Опушенные его глаза наблюдают движение пенки по кофейной глади.

– Ты же обещал! – восклицает Галя. – Мы же договорились!

– Я передумал! – утверждение Сосновского до зависти неумолимо.

– Ну, знаешь ли! – Алексей встает и выходит из кафе, у выхода договаривает. – Спасибо, блин, друг!

Галя и Сосновский долго смотрят в стол и поднимают глаза, не глядя друг на друга.

– А что я могу поделать? – говорит потом Сосновский. – Откуда же я знал, что это так больно?

Буфетчица роняет чашку за прилавком и тут же, причитая и извиняясь, начинает собирать осколки. Злая оса крутится возле тарелки с пирожными, и ее жужжание размазывает гудящую тишину буфета.

Галя почесывает подбородок и наблюдает за буфетчицей. Сосновский копается в карманах, потом бросает на стол ключи.

– Вот, – говорит он, – забирай! Мне теперь ни к чему.

– До чего же ты отвратительный тип, – цедит сквозь зубы Галя. – Только ты так можешь.

– Только вот без оскорблений, – начинает заводиться Сосновский. – Я не обязан, знаешь, никого слушать! Это вы придумали, вы и делайте или другого идиота ищите. НИИ наш большой. Вон сколько мужиков. А я не намерен.

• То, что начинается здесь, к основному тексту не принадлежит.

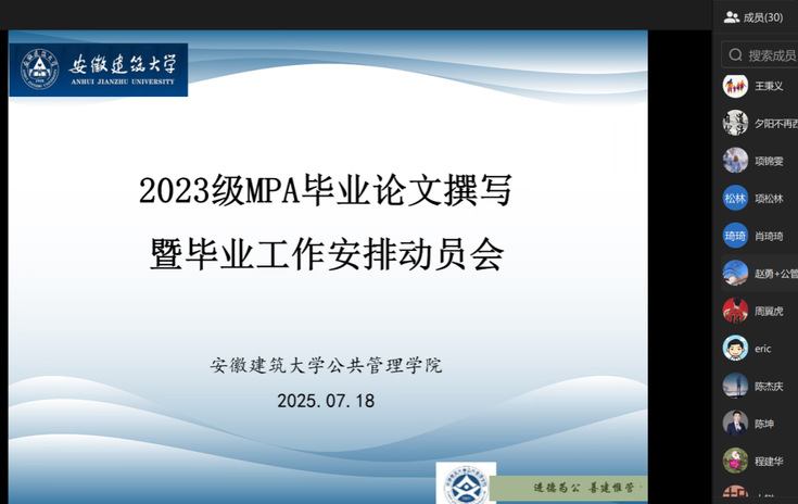 本网讯 为切实提升MPA研究生学位论文质量,规范写作流程,7月18日,公管学院线上召开2023级MPA毕业论文撰写暨毕业工作安排动员会。会议由副院长王秉义主持,院长黄佳豪、2023级MPA研究生及导师参加会议。

Галя скептически сжимает уголок рта и надменно усмехается.

– Я всегда знала, что ты трус! – утверждает она. – Всего на свете боишься!

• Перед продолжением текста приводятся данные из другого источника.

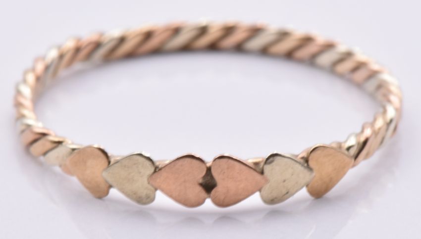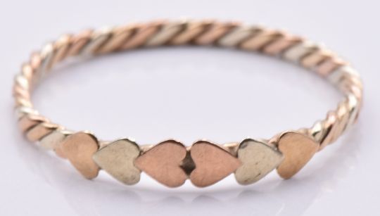 A 9ct gold tri-coloured ring with heart decoration, 0.9g, size O

Наступает та самая минута, когда многое хочется, но никто ни на что не решается.

– Если честно, – с трудом вытаскивая из себя слова, говорит Сосновский, – я с ней разговаривал. И потому-то я против того, о чем вы меня просите. Мне кажется, женщина она хорошая, и я ее обижать не хочу. Вы как-нибудь сами.

– Она встала у нас поперек дороги! – вскрикивает Галя. – Встала, как стена! Это ты хотя бы понял?

– У нее свои аргументы, Галя, – успокаивает ее Сосновский, – и я ее понимаю.

– А нас? – резким тоном задает Галя весьма скользкий вопрос.

Сосновский останавливает свой взгляд на колючей улыбке буфетчицы. Теперь она ему кажется еще больше неприятной.

– Да все вы хороши! – говорит он. – И она тоже. Но ее правда честнее.

– Мы тебе, Кеша, доверились, – взяв ключи со стола, огорченно говорит Галя, а ты не смог сделать того, что всегда бесплатно делал. Тебе что, слабо ее соблазнить? Мы тебе даже Лешину машину на время дали. Да, я понимаю, старая, но еще ничего.

– Галя, – угрюмо спрашивает Сосновский, – а ты бы смогла сейчас со мной переспать?

– Ну, знаешь ли! – Галино лицо краснеет, но она не уходит, надежда плещется еще в ее глазах. – Я мужика из-за тебя потеряю.

– Да, елки-палки, не нужен ей никто, кроме Лехи! – голос Сосновского вздрагивает. – Тебе бы так любить!

Тусклые пятна появляются в блестящих зрачках Гали и, томясь, расширяются.

– И вообще, что я вам, игрушка что ли? Я тоже человек! – Сосновский вновь смотрит на буфетчицу; взгляд ее серьезен и почему-то кажется благожелательным. – Не хочу я человеку сердце переламывать. Странно тебе это слышать? Так вот, это произошло! Жалко мне ее, и все!

Галя недоверчиво косится на выпученные глаза Сосновского и опирается рукой о стол.

– От тебя требовалось всего-навсего ее соблазнить, – говорит она наставительно. – Сделать это так, как ты один умеешь, чтобы она Алексея забыла.

– Как это легко, оказывается, – ехидничает в ответ Сосновский. – Забыть! Ты-то пробовала, а? А меня вот черт дернул! Я словно очнулся, когда эту женщину увидел. И теперь я не понимаю, чего Лехе-то не хватает?

– Не будь сволочью! – Галя сердита. – Каждый завоевывает то, что по силам. И я все равно выиграю!

– Интересно будет посмотреть, – Сосновский смеется. – Она надеется и верит ему!

– И не отпускает! – кричит Галя.

– А он не мальчик, он и сам что-то должен решить! – Сосновскому совсем перестает нравиться этот разговор. – Взял бы и не ночевал у нее. К тебе ушел бы. Нет, он, как послушный ребенок, ровно в девять дома. Ты об этом подумала? Что это такое?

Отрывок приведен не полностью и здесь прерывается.